We had a new search I was told was a screamer but I continued poking around putting in metrics trying to figure out why the old search was so slow. Had we not been a virtual remote telecommuting team I would not have lived to tell this tale but we were so they had no choice and I reassured then that "soon" meant ten minutes and they shut up.

Why was I still trying to understand the perplexing sloth of the old when a whole new replacement module was available and working fine and pretty much the demo on which all our jobs and a cool project depended was coming on like freight train?

Tilton's Law: Solve the failure first.

Early on we learned the other side of that coin: Solve the first problem. The commonality is...no, let's do the war story first, war stories are more fun than preaching.

Back we go a quarter of a century to my first contract with a client who would become my sole recurring client for the next decade. I was being hired to take over maintenance of an application whose author had been one of the first to die of AIDS. I was reminded of the whole business by a conversation with another developer recently about the nature of working on OPC. Other People's Code.

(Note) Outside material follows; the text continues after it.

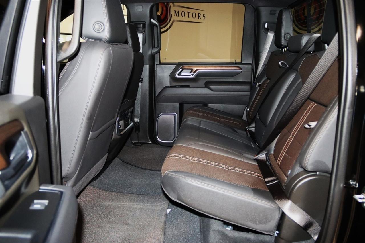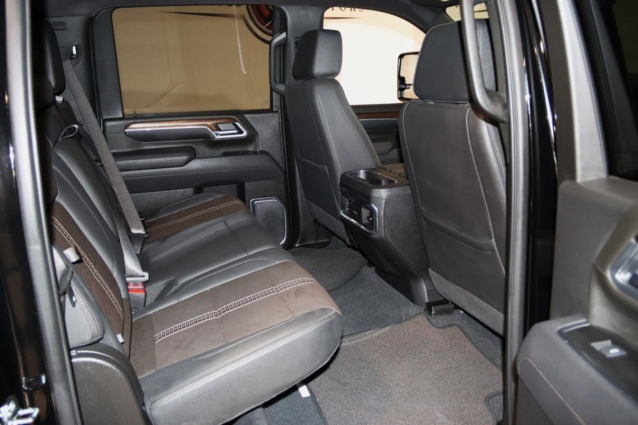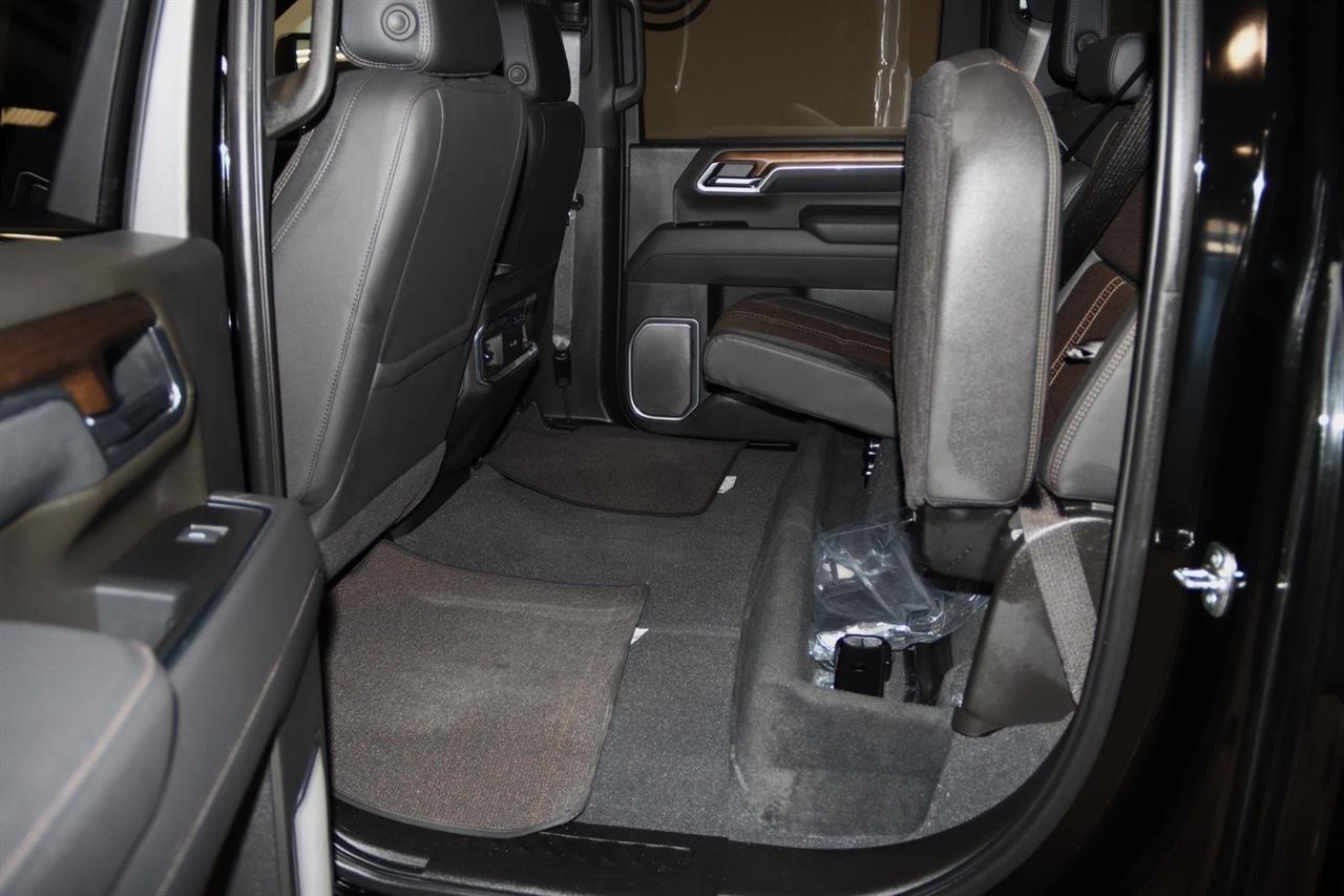 Bluetooth, Back Up Camera, Towing, Heated Seats, Touch Screen, 10-Way Power Driver Seat Adjuster with Lumbar, 10-Way Power Passenger Seat Adjuster with Lumbar, 120-Volt Bed Mounted Power Outlet, 120-Volt Interior Power Outlet, 15 Diagonal Multicolor Head-Up Display, 170 Amp Alternator, 220 Amp Alternator, 3.73 Rear Axle Ratio, 4-Wheel Disc Brakes, 6 Rectangular Chromed Tubular Assist Steps, 7 Speakers, 720 Cold-Cranking Amps Heavy-Duty Battery, ABS brakes, Air Conditioning, Alloy wheels, AM/FM radio: SiriusXM with 360L, Apple CarPlay/Android Auto, Auto High-beam Headlights, Auto-dimming door mirrors, Auto-Dimming Inside Rear-View Mirror, Auto-dimming Rear-View mirror, Automatic temperature control, Bed View Camera with Two Trailer Camera Provisions, Black Chevytec Spray-on Bedliner, Black Name Plates, Black Tailgate Lettering, Bluetooth For Phone, Bodyside moldings, BOSE Premium 7-Speaker Sound System, Brake assist, Bumpers: body-color, Chevrolet Connected Access Capable, Chrome Door Handles, Chrome Mirror Caps, Color-Keyed Carpeting Floor Covering, Compass, Dark Essentials Package, Deep-Tinted Glass, Delay-off headlights, Driver door bin, Driver Memory, Driver vanity mirror, Dual front impact airbags, Dual front side impact airbags, Durabed Pickup Bed, Electric Rear-Window Defogger, Electronic Stability Control, Emergency communication system: OnStar, Engine Block Heater, Exhaust Brake, Floor-Mounted Center Console, Front anti-roll bar, Front Black Bowtie Emblem, Front Bucket Seats, Front Carpeted Floor Mats, Front Center Armrest, Front Chrome Recovery Hooks, Front dual zone A/C, Front fog lights, Front LED Fog Lamps, Front Rain-Sensing Wipers, Front reading lights, Front wheel independent suspension, Fully automatic headlights, Garage door transmitter, Genuine wood console insert, Genuine wood dashboard insert, Genuine wood door panel insert, Heated 2nd Row Outboard Seats, Heated door mirrors, Heated Driver and Front Outboard Passenger Seating, Heated front seats, Heated rear seats, Heated Steering Wheel, Heated steering wheel, Hitch Guidance with Hitch View, Illuminated entry, in-Vehicle Trailering App System, Keyless Open and Start, LED Cargo Area Lighting, LED Smoked Amber Roof Marker Lamps, Low tire pressure warning, Manual Tilt and Telescoping Steering Column, Memory seat, Occupant sensing airbag, OnStar Services Capable, Outside temperature display, Overhead airbag, Overhead console, Panic alarm, Passenger door bin, Passenger vanity mirror, Perforated Leather Seat Trim, Polished Exhaust Tip, Power Door Locks, Power door mirrors, Power driver seat, Power Front Windows with Driver Express Up/Down, Power Front Windows with Passenger Express Up/Down, Power passenger seat, Power Rear Windows with Express Down, Power Sliding Rear Window with Defogger, Power steering, Power Up/Down Tailgate Function with Power Lock and Release, Power windows, Preferred Equipment Group 3LZ, Premium audio system: Chevrolet Infotainment 3 Premium, Push Button Start, Radio: Chevrolet Infotainment 3 Premium System, Rain sensing wipers, Rear Camera Mirror, Rear Carpeted Floor Mats, Rear Cross Traffic Alert, Rear reading lights, Rear seat center armrest, Rear step bumper, Rear Wheelhouse Liners, Rear window defroster, Remote keyless entry, Remote Vehicle Starter System, Security system, SiriusXM with 360L Trial Subscription, Speed control, Speed-sensing steering, Split folding rear seat, Standard Tailgate, Steering Wheel Audio Controls, Steering wheel mounted audio controls, Suspension Package, Tachometer, Technology Package, Telescoping steering wheel, Tilt steering wheel, Traction control, Trailer Camera Provisions, Trip computer, Turn signal indicator mirrors, Ultrasonic Front and Rear Park Assist, Unauthorized Entry Theft-Deterrent System, Universal Home Remote, Up-Level Rear Seat with Storage Package, Variably intermittent wipers, Ventilated Driver and Front Passenger Seats, Ventilated front seats, Voltmeter, Wheels: 20 8-Spoke Polished, W

In my IT career I have worked always at the poles of software development, either writing new code or performing massive overhauls of OPC, never that relaxed zone between in which one simply maintains and extends in small ways a long-lived system. The second pole (OPC overhauls) always seemed to me an intimate one-way encounter with some anonymous predecessor, an encounter usually involving me roundly and steadily cursing them out. You can imagine then how eerie it was working on this system from this predecessor who was not so anonymous this time, especially when I learned that the poor guy was in bad shape during one stint but needed the money and so worked on the code I was now working on even as his fate rose up to meet him (this well before the days of the cocktails of today that make ones fate less certain). This guy I do not remember cursing out so much.

But I digress. Our lesson today is how to piss off your coworkers by insisting on solving a failure first, by which I mean even if you do decide to punt on X make sure you understand how X failed. I am not alone in this. In 2001 the movie when the crew determines that the unit Hal said was no good was fine he says fine let's put it back in and let it fail. Sure, he was really looking for a way to kill the crew but we learned in 2010 that Hal was just a computer system and I think the bit about putting the supposedly OK/not OK system back in to see if it failed was one of Hal's systems working nominally in accordance with Tilton's Law: we need to understand broken things.

[Aside: a good example of the Hell of Not Solving Failure.]

And now at long last, my unsolved failure. My predecessor's, actually. The application was a securities database with a nightly feed of data applied to the cumulative DB by a batch program. This is late 80s, primitive stuff. A security could have three IDs because three groups were tracking securities and each had their own ID system. We had tens of thousands of records in our VAX/VMS RMS file, and a separate RMS key for each of the three possible IDs. So far so yawn. Here comes the fun part.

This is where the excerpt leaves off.